Outback serial killer Mick Taylor, a bushman if ever there was a bushman in the wilderness of Australia, spends much of his time picking off tourists and back-packers who come to visit the eerie location of a huge crater, supposedly made by a meteorite. With a fine line in Ozzy lingo and Australian history, he especially enjoys killing foreigners or anyone not well versed in the land of Oz.
Shot well and with a keen eye for gore and violence, this feels like it’s on the right track, and is a lot more action-packed, with this time Mick being centre stage. Now unlike the original, the mystery and atmosphere is missing in place of some stand out kills (the cops…). Also unlike last time around there’s no real time to get invested in the innocent victims before Mick is despatching them. Now Mick himself, played larger-than-life by John Jarratt is an interesting creation, but because the movie is all focused on him, his clichéd bushman swagger and often comical lines turns many of his scenes into farce (a truck chase to the tune of The Lion Sleeps Tonight … really?), and loses much of his potential menace – like what they did to Freddy Krueger in the Elm Street sequels. Oh and would it have hurt to get a bit more backstory on him? Or any for that matter.
For the ample gore and plenty of energy, this was still fun, but for a horror it relied too much on one liners and in-jokes than actually scaring it’s audience – a big fail in my book. Hopefully they won’t bother with Wolf Creek 3.
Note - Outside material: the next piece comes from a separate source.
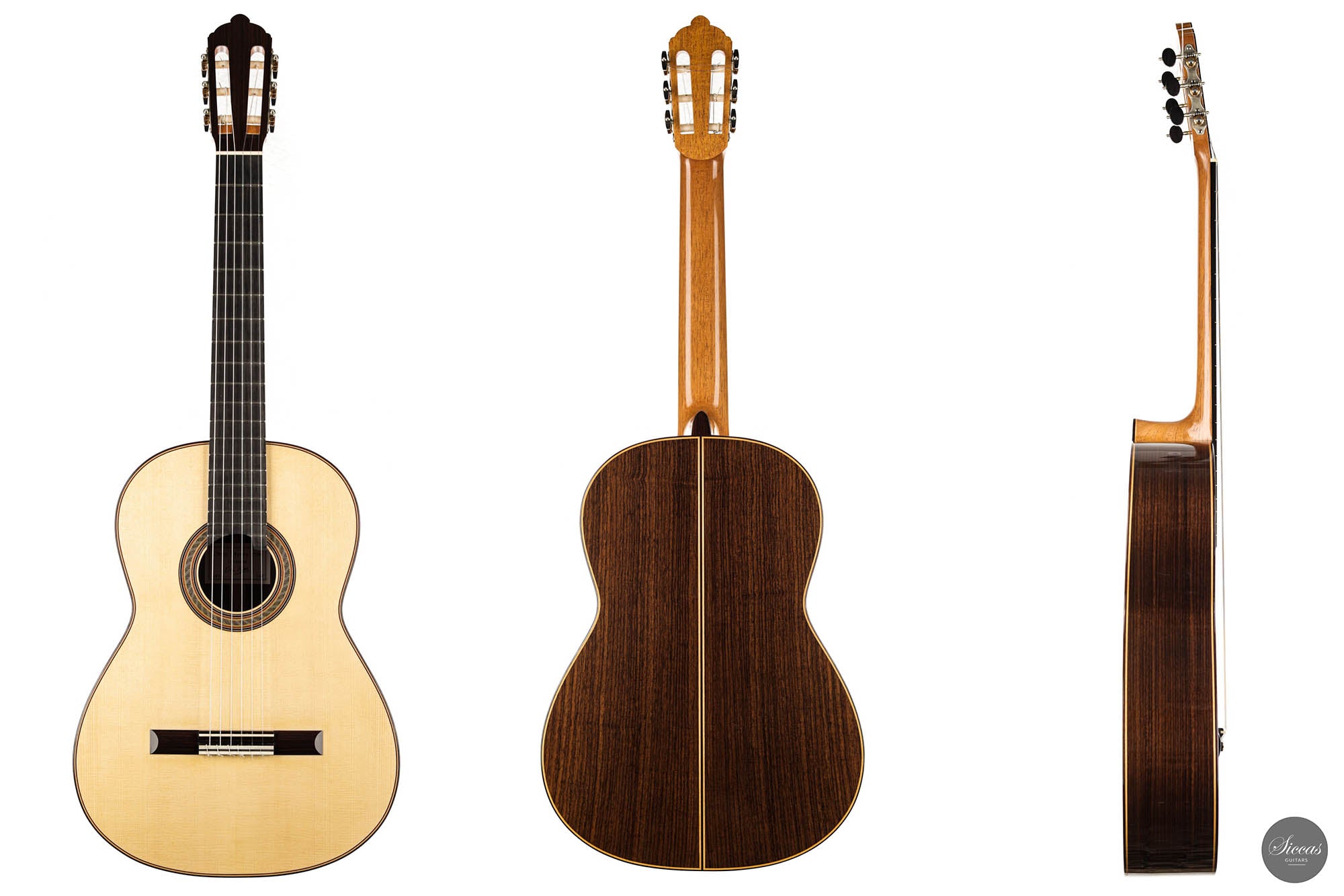 The classical guitar, with its soft nylon strings and characteristic timbre, has become a symbol of chamber music, Spanish tradition, and concert repertoire. Its modern form was shaped by Antonio de Torres in the 19th century, setting the standard for the body, fan bracing, and the 65-centimeter scale length that are still used today. Instruments in this category open up a rich palette from the refined Romantic miniatures of Tárrega to the majestic concertos of Rodrigo. Here you will find guitars that preserve historical continuity and at the same time inspire new interpretations.

Ok, I’ll admit I like shock-cinema foreign thrillers such as Old Boy & I Saw The Devil, not just because they are usually very violent with often taboo subject-matter, but also because they’re usually directed with no end of skill and style. This is no exception. A serial killer is going about picking up prostitutes, then torturing and killing them, whilst filming them on camera. He then uploads the footage to an internet website where it attracts the attention of a lonely, troubled reporter whose career and marriage have both failed. When the reporter is mugged one night, his interest in the videos takes over and he films the two men he murders in self-defence, and proceeds to upload the footage onto the website. This then sparks the interest of the serial killer, who starts to goad the reporter into doing further killings.
Directed by The Mo Brothers, this unflinching character study may not be pleasant viewing, and involves some pretty graphic scenes (the attack on the pimp for example) but excels at showing two complex personalities, delivered with powerful performances from the leads. The serial killer’s inner demons surrounding the death of his sister, his inability to comfortably date the nice girl from the florists … and the reporter’s struggle to bond with his own daughter whilst hoping to reconcile his relationship with his ex … are both very well observed. This was also a clever commentary on modern society’s obsession with documenting and filming even the horriblest of situations (who can forget how many filmed the World Trade Centre attacks?). Also at times how we saw something from the killer’s point of view, only for it to have subtle differences when seen through someone else’s eyes was very clever.
Deviations into English language were a bit odd (the two guys seem to resort to English when speaking via webcam), and supporting characters are under-developed. It may also explore a well-worn subject … but offered up a fresh perspective and some genuine surprises. Not for everyone, but fans of hard-hitting thrillers with plenty to leave you thinking – this is one to check out.